In the meantime, I changed my scripts to download the entire HDF files from https://gpm1.gesdisc.eosdis.nasa.gov/data/GPM_L3/... and open them locally with xarray (and do spatial subsetting etc) - which works fine but is not quite ideal.

betolink commented 2 years ago

Yeah, definitely not ideal. I'm going to test it again this evening with a new Earthdata user. I'll send you a binder link to a notebook to test it with both accounts.

rabernat commented 2 years ago

At what point do we escalate this issue to NASA? Is there a channel via which they can receive and respond to user feedback?

betolink commented 2 years ago

I just asked on Slack about how to check for these changes (if at the end this issue is indeed related to an updated EULA) and unfortunately there is no way around it other than doing what Jan did(and still got the 302s). About feedback, yes there are channels but they are on a per-DAAC basis (cries). In this case that would be going to https://daac.gsfc.nasa.gov/ and clicking on the feedback button. I'll keep looking at this after the cloud hackathon today.

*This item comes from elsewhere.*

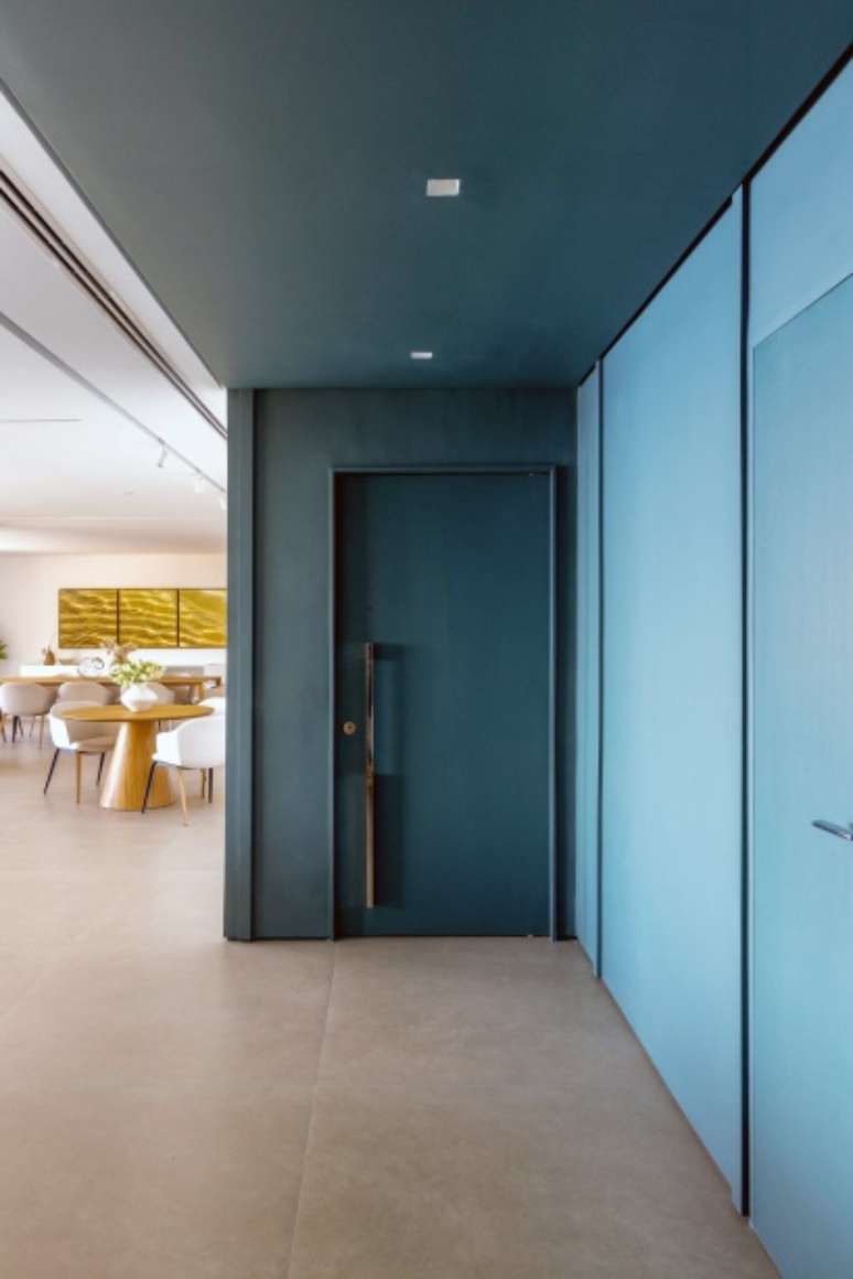 No quesito " paleta de cores, materiais e acabamentos", foi adotada uma base neutra em todo o apartamento, exceto no hall de entrada, que foi pintado de verde azulado (cor Volta ao Mundo, da Suvinil), inclusive o teto e a porta "mimetizada", criando, assim, um efeito de "caixa". Na decoração, no geral, as cores são variações do próprio verde e aparecem pontualmente em acessórios, adornos, quadros e estofamentos para não pesar visualmente nem cansar com o tempo. Já na varanda, predominam tons de cinza, bege e verde.

betolink commented 2 years ago

Quick update, MERRA2 worked as expected after accepting the EULA again. GPM_L3 redirects to an empty .dods file, I guess that's a bug. I'll ask the OpenDAP team tomorrow if they are aware of this behavior and what would be a workaround/solution.

rabernat commented 2 years ago

Just wanted to say how much I appreciate @betolink acting as a communication channel between Xarray and NASA. Users often end up on our issue tracker because Xarray raises errors whenever it can't read data. But the source of these problems is not with Xarray, it's with the upstream data provider.

This also happens all the time with xmitgcm, e.g. https://github.com/MITgcm/xmitgcm/issues/266

It would be great if NASA had a better way to respond to these issues which didn't require that you "know a guy".

betolink commented 2 years ago

I'm happy to help! @rabernat, Makhan @virdi from NASA Langley just reminded me the other day that there is a forum for NASA Earthdata users with a direct line to the program managers and scientists that may be the best place to ask data related questions. I think you only need to register with EDL.

https://forum.earthdata.nasa.gov/

rabernat commented 2 years ago

One solution to this problem might be the creation of a custom Xarray backend for NASA EarthData. This backend could manage authentication with EDL and have its own documentation. If this package were maintained by NASA, it would close the feedback loop more effectively.